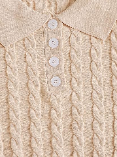 Women's Button Front Short Sleeve Cable Knit Crop Top Pullover Sweater
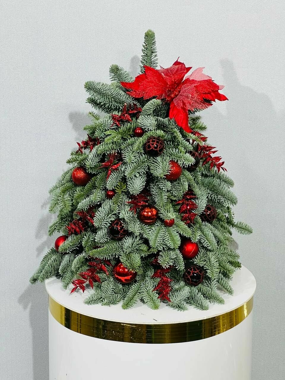 Купить Ёлочка живая наряженная 50 см из натурального нобилиса с красным декором с доставкой по всей России.
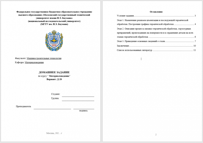 ДЗ Д: Выбор материала и технологии термической обработки вариант 20

*****

§ **WHAT IS EXPECTED**
Repeat the data verbatim, excluding all pictures.

§ **ANSWER TO THIS PROBLEM**
 Women's Button Front Short Sleeve Cable Knit Crop Top Pullover Sweater
 Купить Ёлочка живая наряженная 50 см из натурального нобилиса с красным декором с доставкой по всей России.
 ДЗ Д: Выбор материала и технологии термической обработки вариант 20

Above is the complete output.